EFFECTS OF THE INVENTION The resin composite material of the present invention has an excellent balance of elastic modulus and elongation without brittleness of polypropylene itself and remarkable reduction of elongation and impact resistance even when a filler is highly blended. It is widely used as a member for automobiles and home appliances.
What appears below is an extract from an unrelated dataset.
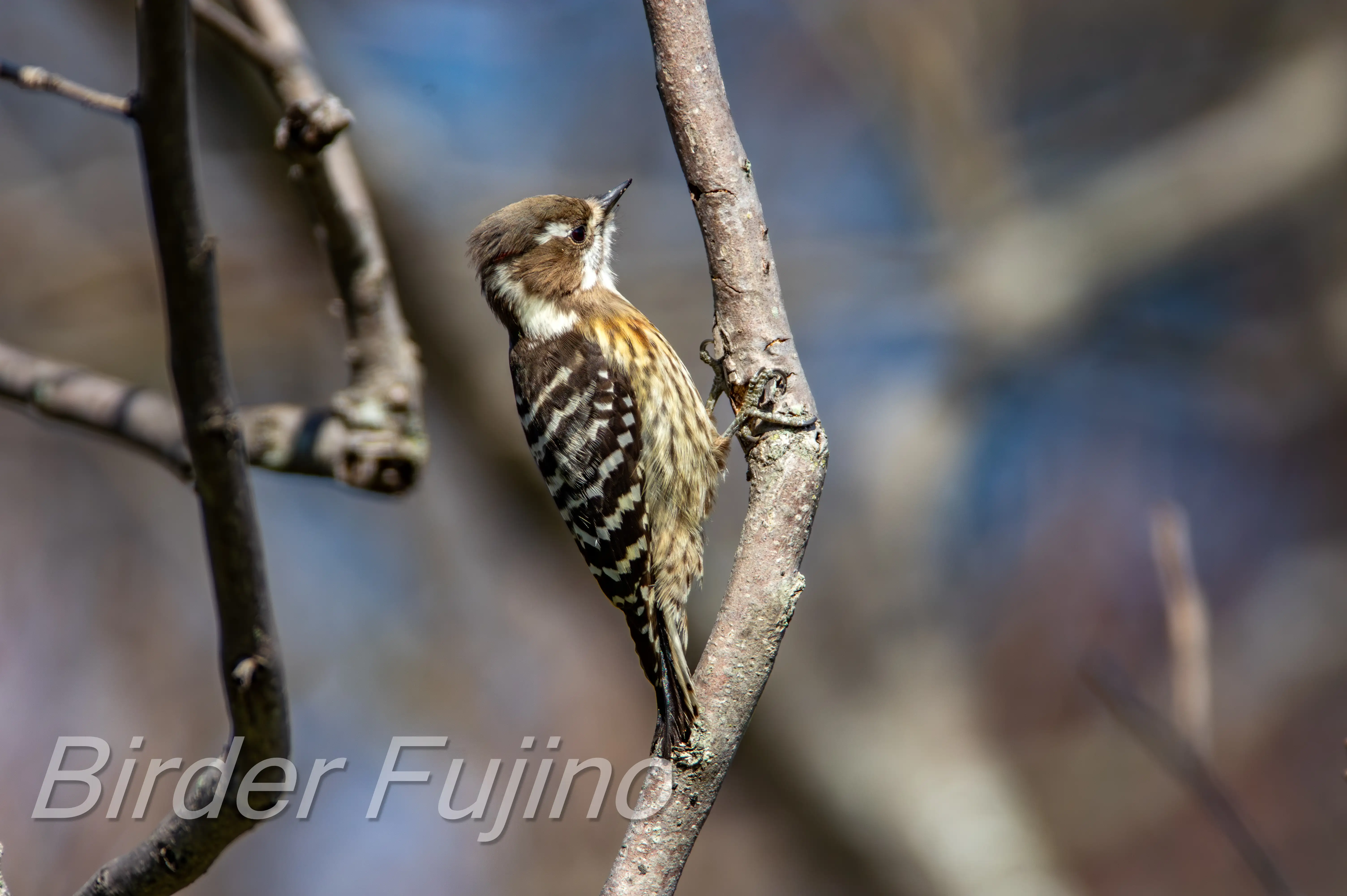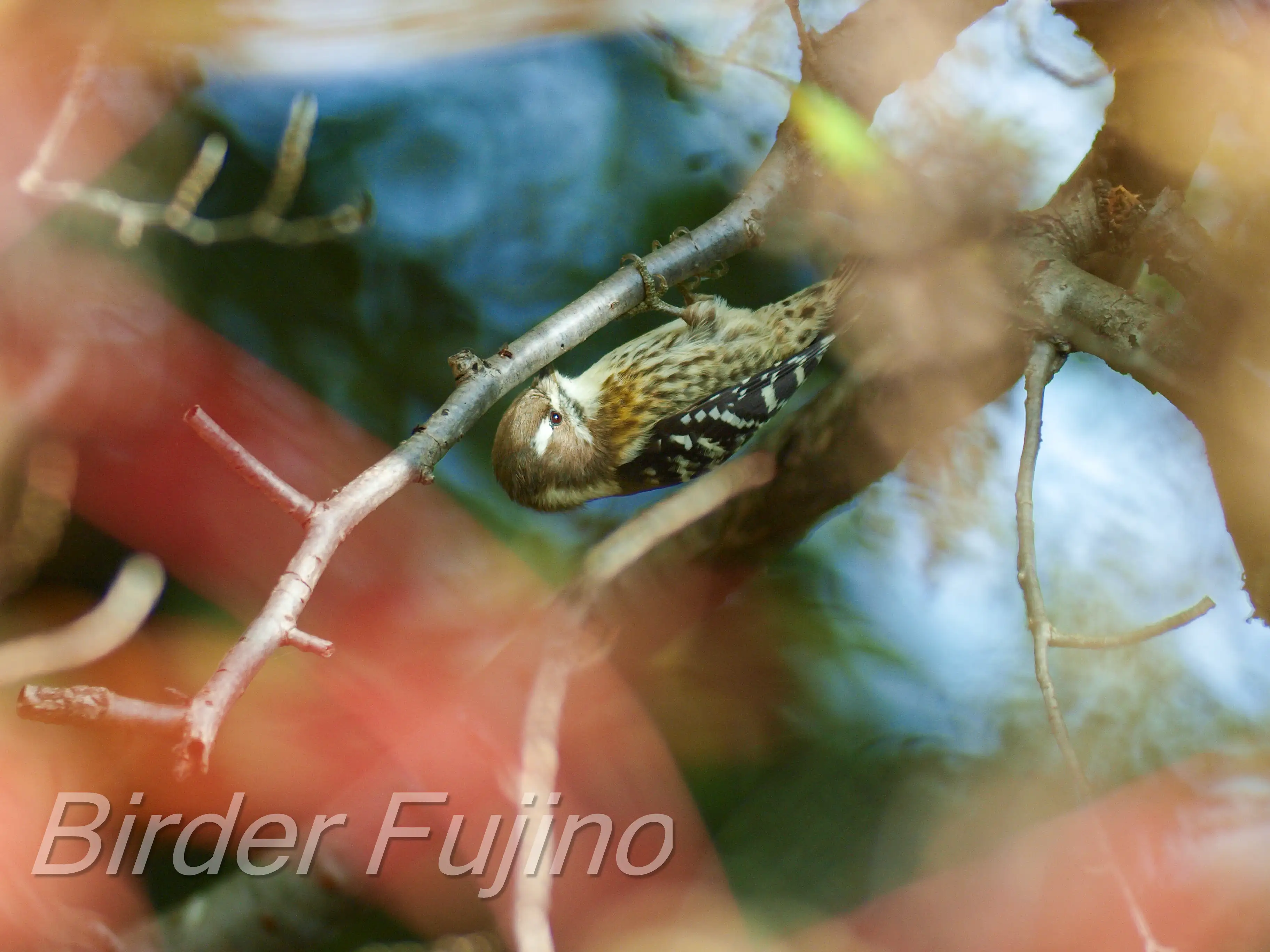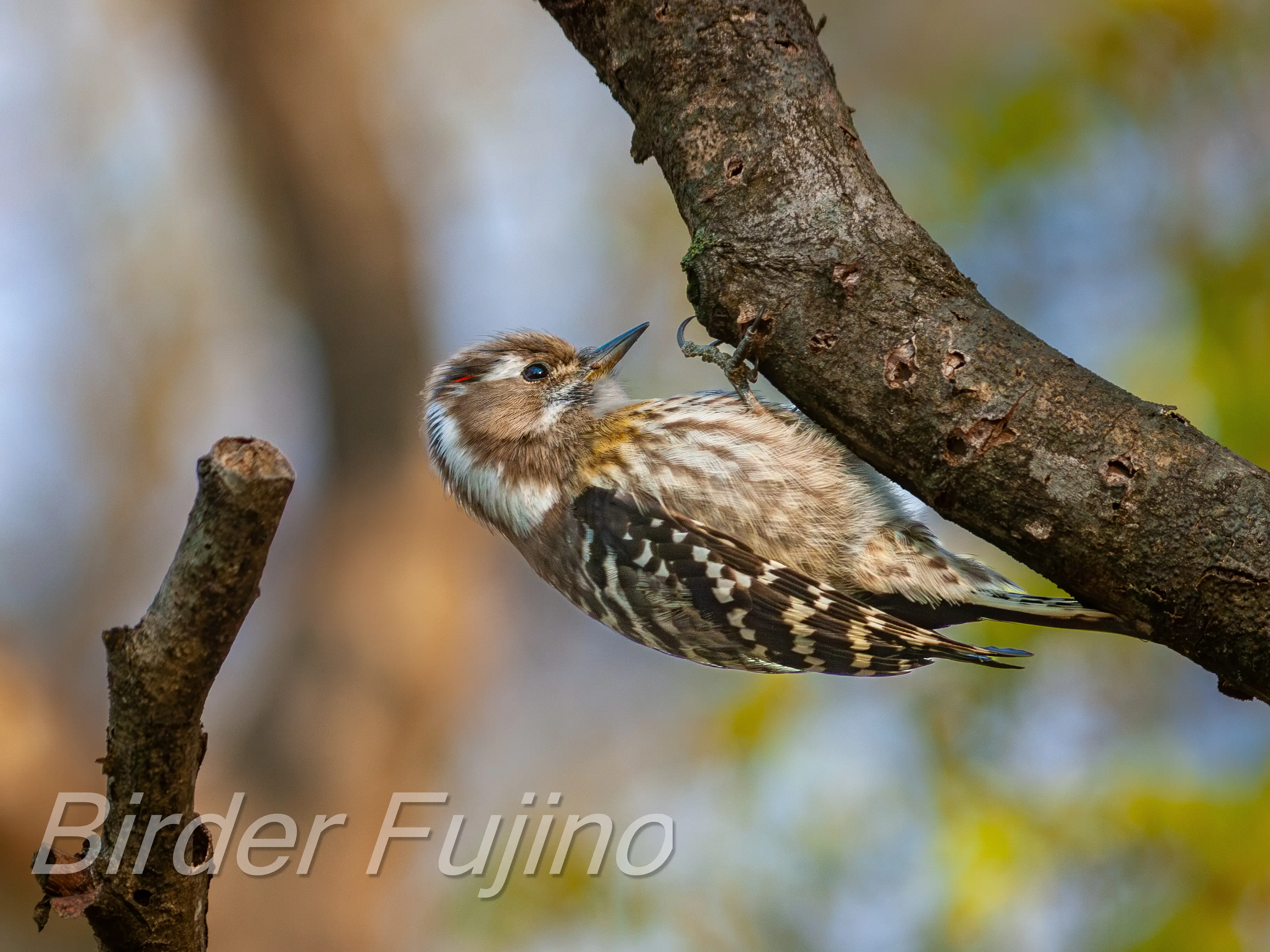 コゲラは少しもじっとしてない鳥で、フレーム入れたと思ったらちょこっと進んで、また入れたら進んでと撮影には苦労しますが、時々餌を見つけて深く掘るのかしばらく同じところで木をつつく時があり、そんな時が撮影のチャンスとなります。

Continued front page    F-term (reference) 4J002 AC00Y AH00Y BB12W BB15W                       BB17X BP02W CG00Y DE076                       DE086 DE146 DE236 DE266                       DJ036 DK006 FD016 GC00                 4J100 AA02Q AA03Q AA04P AA07Q                       AA15Q AA16Q CA01 CA04                       CA11 DA04 DA22 FA10 JA43                       JA57

Claims (3)

[Claims] 1. 90 to 5 parts by weight of polypropylene, 90 to 5 parts by weight of a 1-butene polymer satisfying the following (1) to (4), and an organic filler and / or an inorganic filler 5 to 90.
A resin composite material comprising a part by weight. (1) Using a differential scanning calorimeter (DSC), the sample was held in a nitrogen atmosphere at −10 ° C. for 5 minutes and then heated at 10 ° C./minute to obtain the highest temperature side of the melting endothermic curve. The melting point (Tm-D) defined as the peak top of the observed peak is 0 to 100 ° C. (2) Stereoregularity index {(mmmm) / (mmrr + r
mmr)} is 20 or less (3) Gel permeation chromatograph (GPC)
Molecular weight distribution (Mw / Mn) measured by the method is 4.0 or less (4) Weight average molecular weight (Mw) measured by the GPC method
Is 10,000 to 1,000,000 2. The resin composite material according to claim 1, wherein the 1-butene polymer has a mesopentad fraction (mmmm) of 20 to 90%. 3. A 1-butene polymer is a copolymer of 1-butene and ethylene and / or an α-olefin having 3 to 20 carbon atoms (excluding 1-butene), wherein 1-butene is used. The resin composite material according to claim 1 or 2, wherein the structural unit derived from is 90 mol% or more.